Wednesday, September 28, 2016

The Definitions of Love and Love Paradox

News update: I am writing a book collecting and organizing various essays and letters I have written over the years. To be fair, it's been mostly complete for about 3 months now and I am currently just doing the polishing process as well as collecting opinions before I publish it. The project started while I was writing the series on True Love and I realized I would like to make it easier for my children to read what I have written. The result was that many of the letters I have published have been slightly modified versions of letters I have written to my children for this book, including what I'm sharing with you now. 



Dearly Beloved,
I often preach that True Love is an act of the will. The primary definition I use is “Love is to will the good of another.” I like the definition as it covers action, choice, desire, mind above emotion, and selflessness. However, one more definition is “Love is a great admiration of something.” Similarly, love can also mean “a strong like of something.” In addition, another definition some people love the most is “Love is a great desire to be united to something.”
If you study language, you may find what are called homonyms, “words with same spelling and pronunciation, but different meanings.” Some are completely unrelated such as a “bat” being a flying mammal or an object to play baseball with.

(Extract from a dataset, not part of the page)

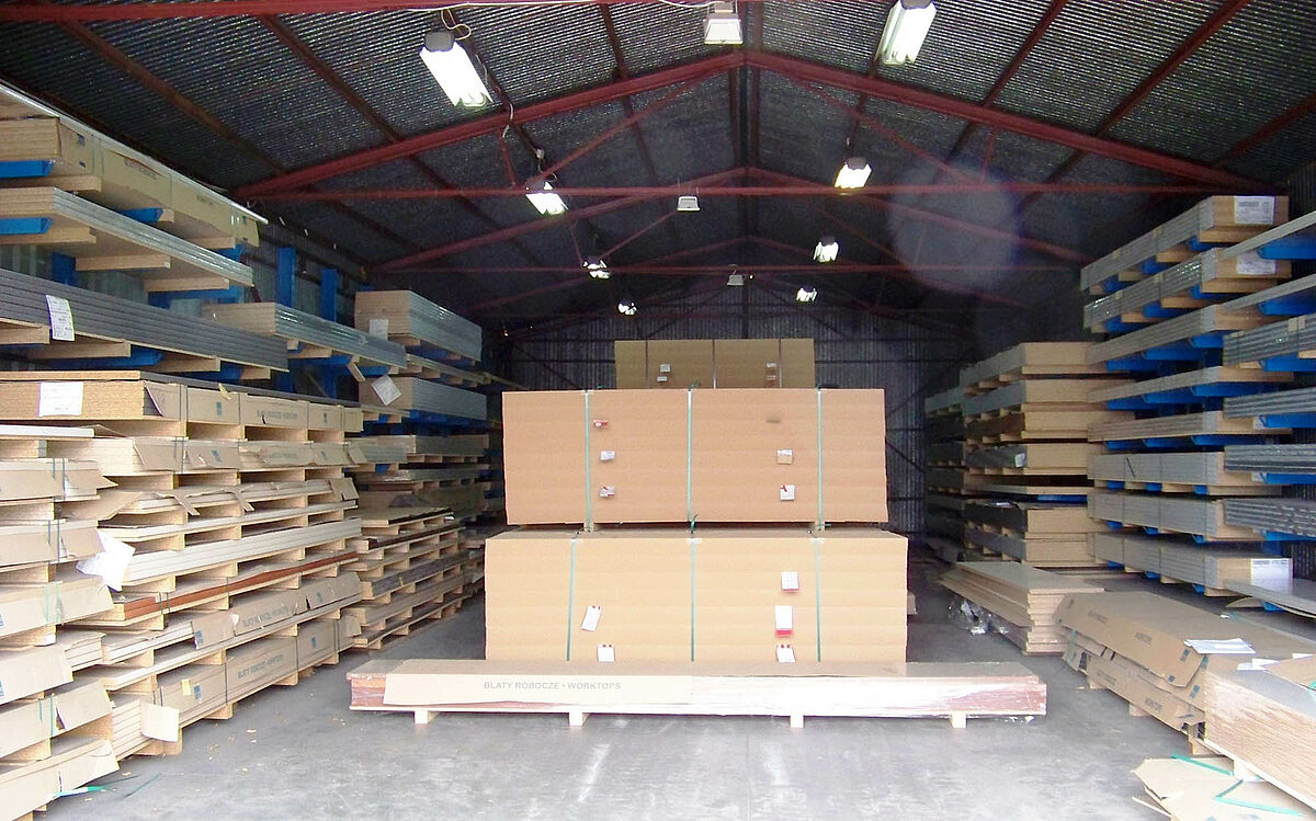 K optimálnímu využití skladovací plochy vybavila polská firma Damar své sklady konzolovými a paletovými regály od firmy OHRA. Regálové systémy umožňují nejenom přehledné skladování dřevotřískových, OSB a kuchyňských pracovních desek, ale jsou i flexibilně konfigurovatelné – je možné je tak přizpůsobit měnícím se skladovacím podmínkám a současně i individuálně na měnící se situaci v budově.

However, many words are derived from the original word. In fact, when the connotation becomes the definition, it goes through this process. Love is one of these words.
Consider the first and second definitions. If you greatly admire something, it means you are more likely act on behalf of it. Consider a priceless jewel. If you don’t care about jewels, you’ll simply toss it away. If you greatly admire jewels, then you’ll take care of it. Same applies to people. If you greatly admire people, you will even perform some sort of sacrifice for their benefit.
Now consider the second and third definitions. You tend to greatly admire something you strongly like. Then take that “like” is derived from the same word which means “similar.” You like things that are similar to yourself or who you want to be.
Next up is the third and fourth definitions. A synonym for like is “desire” so naturally you can see how they link. When we think of desires, we tend to think of them as uncontrollable passions. And that is how you get the same word meaning an act of the will to meaning an act of passion. Is this believable? Certainly as we do this with language all the time. Words “evolve” as long as there is something to link it to the older meaning, including sarcasm. After all, antonyms can swap meanings just as “awful” and “awesome” did. 
If you look up synonyms for “love,” you will find “passion” among them. This is what I meant by “Love is a great desire to be united to something.” This is the emotional definition of love that many people love. You want something so much that you can’t imagine being without it. This is the explanation for what I consider the Love Paradox. You love someone so much that you want to be with them, but at the same time, you want him/her to be happy, even if that means he/she is not with you.

Now there is nothing wrong with any of these definitions. The biggest point I would like to make is of all of them, the first is the most pure and admirable. That is the one that makes use better people and is the secret to morality. The key here is that it’s the only one that works perfectly with humility, service, and every other virtue. The other definitions open the door to being selfish and therefore conflict and tragedy. As long as they are bounded by the first definition, they are fine. However, you generally cannot have all of them and therefore only the first is essential.
Consider what it means when you have the others, but not the first. Perhaps the best example is a teenage boy who tells a girl he loves her so in order to have sex. He might greatly admire her, but if it’s only her beauty he admires, he’ll dump her when he finds someone else he considers more beautiful. He might hold a lot of things in common with her, but that is very fickle especially for teenagers. Even if they maintain common interests, the importance of them will change as life changes. Lastly, he certainly wants to be united with her, but it’s to satisfy himself.
The boy is speaking the truth, but he doesn’t care for the girl. He doesn’t want what is best for her. He only cares about himself and heartbreak is going to happen. It’s often the case that a couple will have sex only to part that night. The common scenario is the girl is hoping he means the first definition along with the others, but if a guy can’t wait until marriage for sex, it’s most likely he doesn’t mean he cares. If anything, it shows he doesn’t have the willpower to make many sacrifices for her.
My hope is that by showing you this example, you may see that selfishness produces pain, sadness, and ultimately victims. Let the first definition rule your life so that you may become a great hero. When you abide by the pure definition of love, you may recognize when it is lacking and therefore be able to avoid the unnecessary heartache. That is my wish, because I do indeed care for you.